French Onion Soup seems to be one of those dishes that I’m highly inclined to order at a restaurant but never seem to make at home. Of course when I think about some of the terrible versions of this soup I’ve experienced in various establishments it’s honestly a wonder that I’ve ever bothered to eat it again. Over seasoned or bland, too much cheese or too little, the top either undercooked or burned beyond recognition; these dish disasters seem to only run the balance from bad to worst. So I decided to try my hand at making a French Onion Soup recipe of my own at home. The recipe I chose comes from one of my favorite Brits and first Celebrity Chef crush, Jamie Oliver.
If I’m remembering correctly The Naked Chef was one of the first cooking programs that I made a concentrated effort to tune into. When Jamie had his mates over for a traditional post-drinking English breakfast I believed that they were truly hungover and looking forward to tucking into a big plate of buttery roasted potatoes. He was the king of the plausible story-line driven episode.
Flash forward to present day and I have to say I simply find these contrived outings and gatherings portrayed on practically every Food Network program to be overly saccharine and simply annoying.

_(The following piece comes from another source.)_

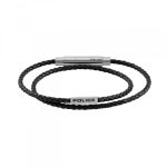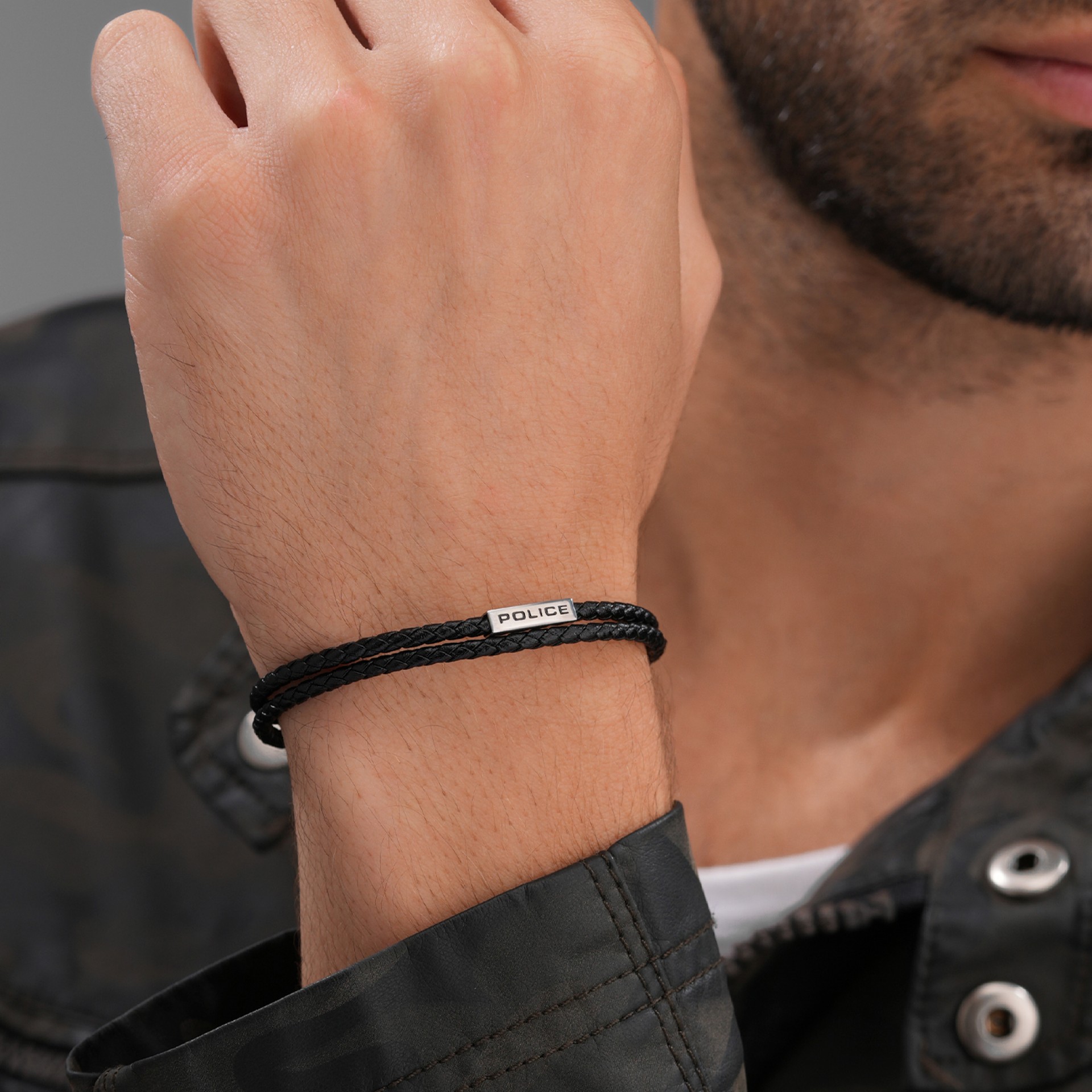 O Duplex explora texturas e versatilidade, sendo uma pulseira de couro preto de dupla volta, fechada com fecho magnético. Exibe a assinatura POLICE no centro, ideal para o desbravador moderno.

For example, Giada DeLaurentiis, whom I normally love to death now prepares food to take to the Polo Field or to feed her hungry friends who have been busily recording their new album all week. Please raise your hand if you spend your Saturdays at the Polo Fields. Yeah….I thought so. But I digress.

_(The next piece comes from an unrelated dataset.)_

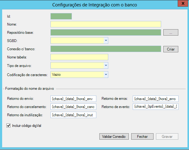 k. Quando marcada a opção Incluir código digVal será inserido o valor do DigVal no arquivo de retorno para a integração.

What first attracted me to Jamie’s recipe for English Onion Soup was the huge array of onions that he incorporated into the dish. Red Onions, shallots, leeks, and the traditional white onion all make an appearance. I think I chopped onions for half an hour. Of course if I had any sort of proper knife skills this could have been accomplished much more quickly and with fewer tears. Even Watson, my nightly kitten kitchen helper (whether I want one or not), looked a bit red-eyed by the time I finished.
Even though I had watched Jamie banging around frantically in his rustic kitchen set, quite probably provided by the lovely BBC, I still had my doubts about the mountain of onions I added to the melted olive oil and butter bubbling in my largest stock pot. Initially I could barely stir them but eventually they slowly began to melt down into a sweetly fragrant and colorful soup base.
While the smell of this soup cooking borders on the sublime there is nothing quite like the first steaming spoonful to truly get you excited. The onions are complemented beautifully by the influx of sage and garlic and the cap of crusty bread and sharp cheddar simply melts in your mouth. This recipe yields a tremendous amount of soup so be prepared to eat it for several days. However, I promise that you won’t get sick of it. Even after having it for lunch three days in a row I loathed to throw out the last bits, but I have a three day leftover rule that I’m fairly strict about so into the disposal it went. Now I’m simply biding my time until I can tearfully compose another fragrant batch and enjoy the same amazing flavors all over again.
Good knob of butter (Erin’s Note: I used 4 tablespoons. That seemed like a “good knob”).
Handful fresh sage leaves, 8 leaves reserved for garnish
6 cloves garlic, peeled and crushed
5 red onions, peeled and sliced
3 large white onions, peeled and slice
3 banana shallots, peeled and sliced
11 ounces leeks, trimmed, washed and sliced
Sea salt and freshly ground black pepper
8 cups good-quality hot beef, chicken or vegetable stock
8 slices good-quality stale bread, 3/4-inch thick
7 ounces freshly grated Cheddar
Put the butter, 2 glugs of olive oil, the sage and garlic into a heavy bottomed, nonstick pan. Stir everything round and add the onions, shallots and leeks. Season with salt and freshly ground black pepper. Place a lid on the pan, leaving it slightly ajar, and cook slowly for 50 minutes, without coloring the vegetables too much. Remove the lid for the last 20 minutes, the onions will become soft and golden. Stir occasionally so that nothing catches on the bottom. Having the patience to cook the onions slowly, gives you an incredible sweetness and an awesome flavor, so don’t be tempted to speed this up.
When your onions and leeks are lovely and silky, add the stock. Bring to the boil, turn the heat down and simmer for 10 to 15 minutes. You can skim any fat off the surface if you like, but I prefer to leave it because it adds good flavor.
Preheat the oven or broiler to maximum. Toast your bread on both sides. Correct the seasoning of the soup. When it’s perfect, ladle it into individual heatproof serving bowls and place them on a baking sheet. Tear toasted bread over each bowl to fit like a lid. Feel free to push and dunk the bread into the soup a bit. Sprinkle with some grated Cheddar and drizzle over a little Worcestershire sauce.
Dress your reserved sage leaves with some olive oil and place 1 on top of each slice of bread. Put the baking sheet into the preheated oven or under the broiler to melt the cheese until bubbling and golden. Keep an eye on it and make sure it doesn’t burn! When the cheese is bubbling, very carefully lift out the baking sheet and carry it to the table. Enjoy.